Vielleicht fühlte sich mein Tischgenosse in diesem Licht durchschaut, oder versuchte er mich endlich gesprächiger zu machen? Jedenfalls bestellte er eine weitere Runde und ließ diese tatsächlich auf seinem RIP-Deckel anschreiben. Na, da schau an. Kam ich etwa doch noch auf meine Kosten?
Durch den wie Zigarettenrauch im Lokal hängenden Kneipenlärm forderte ich meinen Tischgenossen auf, mir seine Geschichte zu Ende zu erzählen.
Zu Ende erzählen? Mein Gegenüber starrte mich entgeistert an. Ich prostete ihm zu. Er werde mir doch nicht weismachen wollen, dass da nicht noch was käme, 'ne Moral zumindest. Denn in das Geschichtsbild, das mir bislang über die Märzkämpfe vermittelt worden war, alles Helden, die Genossen, passe die Rudi-Story beim besten Willen nicht.
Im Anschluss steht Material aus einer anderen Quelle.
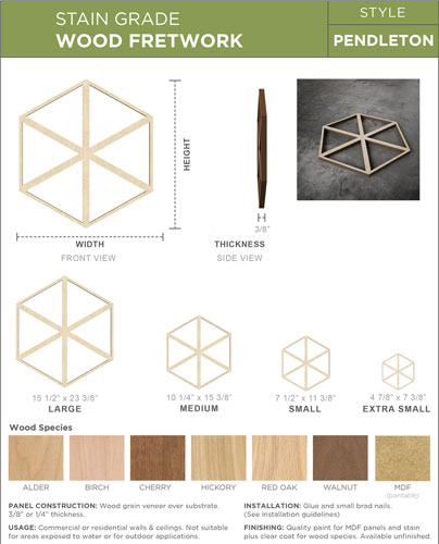 Available in paint-grade, oak, cherry, alder, walnut, hickory, and birch allowing for great strength and durable usage. The natural wood tones evoke luxury and sophistication in any space. You can leave your design mark with unique and inspiring effects on your walls, cabinetry, ceilings and more. Our easy-to-install wood panels can turn a room into a work of art in no time at all. Our distinctive wood fretwork panels add instant value to your home and stand apart from everything else on the market.

Und seien Anna und Rudi schließlich zusammengekommen, hatten sie sich noch verlobt, hatten sie geheiratet zu guter Letzt und Kinder bekommen?
Mein Tischgenosse kniff die Lippen zusammen, blickte mich mitleidig an und schüttelte resigniert den Kopf. Oder sollte dieses Kopfschütteln bedeuten: du hast genug, mein Lieber, für heute mehr als genug? Auch der Wirt schien mich auf einmal anzustarren und bedeutungsvoll den Kopf zu schütteln. Oder bildete ich mir mitleidiges Kopfschütteln, Anstarren und wer weiß was alles noch nur ein? Bekam ich langsam nichts mehr in die richtige Ordnung?
Mein Gegenüber stand wortlos auf und verließ den Schankraum ohne im Mindesten zu schwanken dabei. Ich saß und wusste nicht so recht wohin mit mir. Aber niemand kümmerte das. Und mein Freund kam und kam nicht zurück.
So ging ich ihm endlich nach, fand ihn jedoch weder in der Toilette, noch im Hof und auch vorm Tor nicht. War mein Freund nichts als ein Zechpreller oder was? Da war doch, verdammt, noch eine Rechnung offen!
"Rip!" rief ich, wieder und wieder nach Rip und geriet auf den Dorffriedhof nebenan. "Rip, eh Rip, wo steckst du?" Ich hörte Glocken Ostern einläuten, sah mich unversehens einer arg verwitterten Inschrift gegenüber: ...gefallenen ...Kämpfern ...Gedenken ...Lebenden ... Mahnung..., zuckte ob dieser neuerlichen Merkwürdigkeit die Schultern, fühlte mich aber, weiter und weiter suchend, zunehmend beunruhigt.